Il y eut dépôt de statuts, premières adhésions, et petit à petit, l’association étoffa ses rangs. Un prestigieux comité de patronage en encourageait les premières initiatives : y figuraient François Le Lionnais et Georges Perec, OuLiPiens, Alain Robbe-Grillet et Armand Salacrou, écrivains ; Yvon Belaval, philosophe, Gérald Antoine, professeur de littérature à la Sorbonne, Yves Robert, cinéaste, Georges-Emmanuel Clancier et René-Louis des Forêts, poètes, Jean Hélion et Félix Labisse, peintres, bref, du beau monde.

Une première grande manifestation, à l’initiative de la Maison de la Culture André Malraux de Reims autour de Queneau et le Cinéma, fut l’occasion de témoigner auprès d’un public plus large de l’existence de l’association ; le compte-rendu des diverses prestations a constitué la matière du numéro 9-10 de la revue (4ème trimestre 1980-1er trimestre 1981). La couverture porte, comme il se doit, le soldat de deuxième classe Valentin Brû en train de balayer la cour de la caserne (Extrait du film de Jean Herman, Le Dimanche de la vie, d’après le roman homonyme de Queneau).

L’Association et sa revue reçurent, au début de la décennie 1980, l’afflux considérable d’adhésions abonnements que leur valut le séminaire mensuel Raymond Queneau, à l’initiative de Mme Claude Debon. Si, de son côté, le temps privait petit à petit « Valentin Brû » de ses amis les plus âgés, le dynamisme du séminaire draina vers Queneau un nombre très important de personnes jeunes, souvent enthousiastes, et dont une proportion non négligeable est à ce jour demeurée fidèle au soldat de deuxième classe. Les noms des actuels administrateurs de l’association sont, pour la plupart, ceux d’étudiantes et étudiants de Mme Debon au cours des années 1980, qui ont assisté au séminaire, et y ont pris la parole, tout en préparant à l’université des mémoires et thèses.
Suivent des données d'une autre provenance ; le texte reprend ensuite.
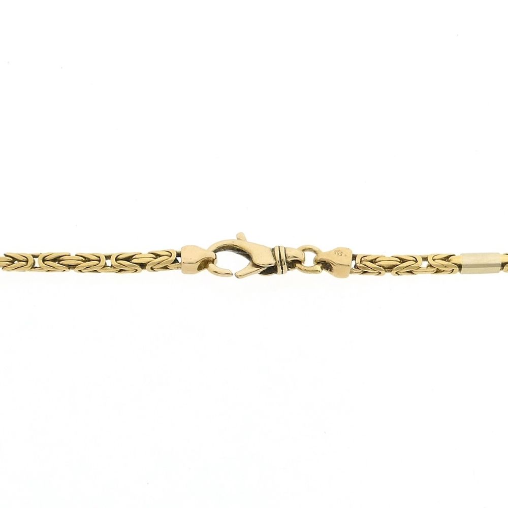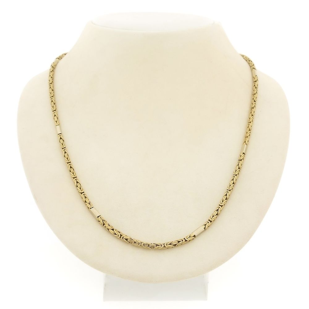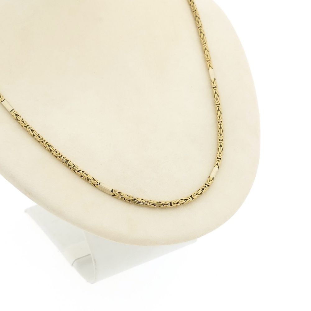 A two-tone gold king's chain, also known as a Byzantine link. A beautifully detailed link that's centuries old! The chain is made with solid square links and has a smooth finish, while the white gold links are closed. The piece is crafted from 14-karat white and yellow gold (585/1000).

Cet apport éloigna cependant certains administrateurs plus anciens, qui se défiaient de l’Université ; d’autres cependant, membres de la première heure comme André Lagrange, qui demeura vice-président jusqu’à son décès, ou François Caradec, qui rejoignit le conseil d’administration plus tardivement, mais y demeura lui aussi jusqu’à sa mort, appréciaient l’ouverture d’esprit et l’ampleur renouvelée du recrutement que rendit possible, pendant les treize années qu’il dura, le séminaire Queneau.

L’affaire ne fut pas sans vicissitudes, ni sans défaillances, mais bon an mal an, l’Association comptait une petite centaine de membres, et la revue, plus ou moins riche, subsista sous divers avatars : il y eut trente-cinq livraisons des Amis de Valentin Brû, de mai 1977 à mai 1986, que suivirent des Cahiers Raymond Queneau de juillet 1986 à décembre 1993, puis une reprise des Amis de Valentin Brû (nouvelle série) jusqu’en 2000. Le titre Cahiers Raymond Queneau a été alors rétabli, grâce à l’amabilité de M. Jean-Marie Queneau.